We finally see comparison to the maple of Saltzburglandt. This is a little too far east to account for the wood of Mittenwald or Füssen, and there isn’t really the instrument making tradition in this region to think of this in greater terms than a footnote in history.

If wood came from Friuli or thereabouts, it adds considerable questions to some of the orthodox ideas surrounding Cremonese wood for the city of Aquilla sits at one end of the ancient Roman Via Postumia which goes from Aquilla in the east to Genoa in the west, remaining through the medieval and early-modern times as one of the most important overland routes through Italy. The Via Postumia meets the Via Aemilia, by now part of the Spanish Road at Piacenza on the southern bank of the river Po, but for practical reasons the optimal crossing point of the great river for any kind of cargo or army was 30 miles east at Cremona where a pontoon bridge across the river gave access to flatlands unencumbered by the many tributaries flowing into the main river. Hence, this throws the idea that wood was ponded on it’s way from Venice (or Turin) cannot be the automatic assumption that some have come to. It was Cremona’s strategic location on the Spanish Road that resulted in the French invasion of Lombardy during the thirty-years war, causing the plague in 1630.

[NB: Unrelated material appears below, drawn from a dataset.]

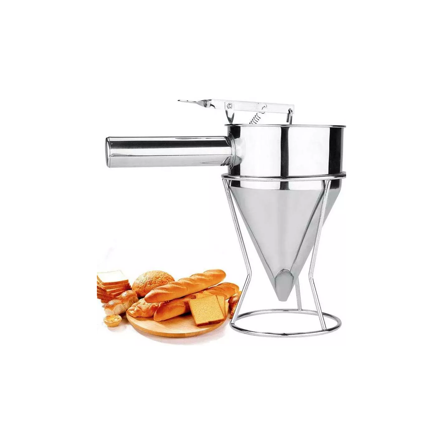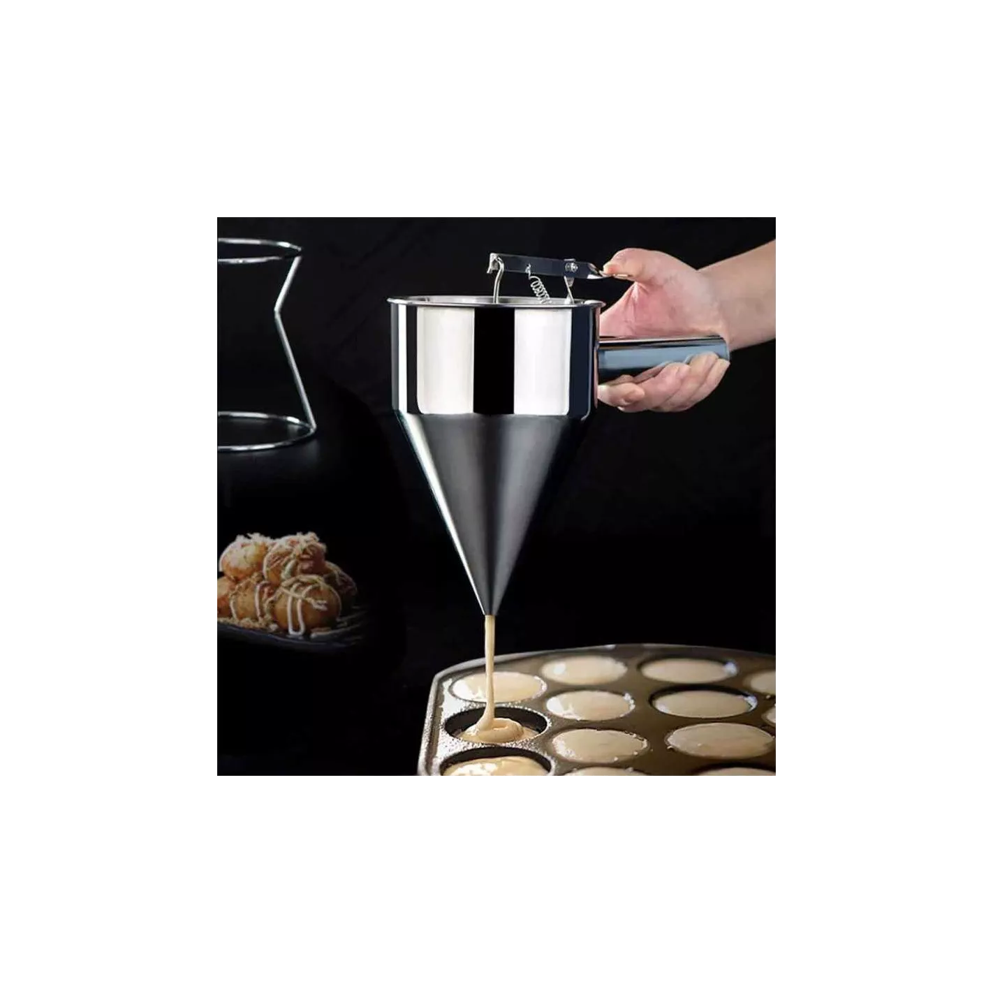 Este embudo de cocina está hecha de acero inoxidable última intervensión de óxido y es una gran adición a sus utensilios de cocina. Excelente adición a sus utensilios de tarta. Fácilmente y con precisión dispensa la mayoría de mezclas, salsas, y cobertura, incluso salsa para pizza. Ideal para uso con tortitas, crepes, gofres, galletas, y mucho más. Perfecto para todas sus necesidades de cocina. Sin desperdicio y sin ensuciar. Fácil de limpiar y apto para lavaplatos. También puede ser una gran herramienta para tus utensilios de comercial

Via Aemilia is in red, and the Via Postumia in light blue.

There is a final footnote for making in England. In 1677 Thomas Mace commented in Musick’s Monument that: “Next, what Wood is Best for the Ribbs. The Air-wood is absolutely the Best. And next to that, Our English Maple. But there are very Good Lutes of several Woods; as Plum-Tree, Pear-Tree, Yew, Rosemary-Air, Ash, Ebony and Ivory &c. The two last (though most Costly, and Taking to a common Eye) are the worst.” Here the implication must be that the “Air-wood” (think of how the Germans pronounce Ahorn, and additionally the furniture trade calls figured maple veneers hair-wood), is imported. I will write about this presently, and about what we know of spruce being imported down the Rhine via the markets in Cologne for English use, but it seems that we should not be surprised when we see the kind of maple we associate with Italian instruments on some early English viols and violins. Edward Brown had written the book for the advancement of science, knowledge and commerce, so the intention of writing even the smallest passing comment came with the intention of passing this information to the entities that could use it. We get appreciably closer in understanding that the work was published by Benjamin Tooke, at the sign of the Ship in St Paul’s Churchyard, a prolific publisher of theatre and song in the Restoration period. The tantalising possibility of a physical connection to the instrument makers of St Paul’s Churchyard including Barak Norman and Edward Lewis is something we can simply dwell upon. It is certain however that some of the viols with dense backs and sides of highly figured wood that compares to Italian, especially in Barak Norman’s works, also have very plain necks and scrolls of a less dense English maple, and this seems to be on purpose to keep the instruments as light as possible and yet as visually (and perhaps acoustically) optimal as they could be. Whilst we can’t be certain whether they were finding wood from the Italian or German sides of the alps, both seem to be a possibility, and within the understanding of English makers during this period. With this in mind, we can equally ask these questions of Dutch makers, and others outside of Northern Italy who seem to consistently find wood that neat kind of acer that is so typical for Cremonese work.

Benjamin Tooke published numerous editions for the poet (and miniature painter) Thomas Flatman, as well many of Thomas Shadwell’s Restoration plays.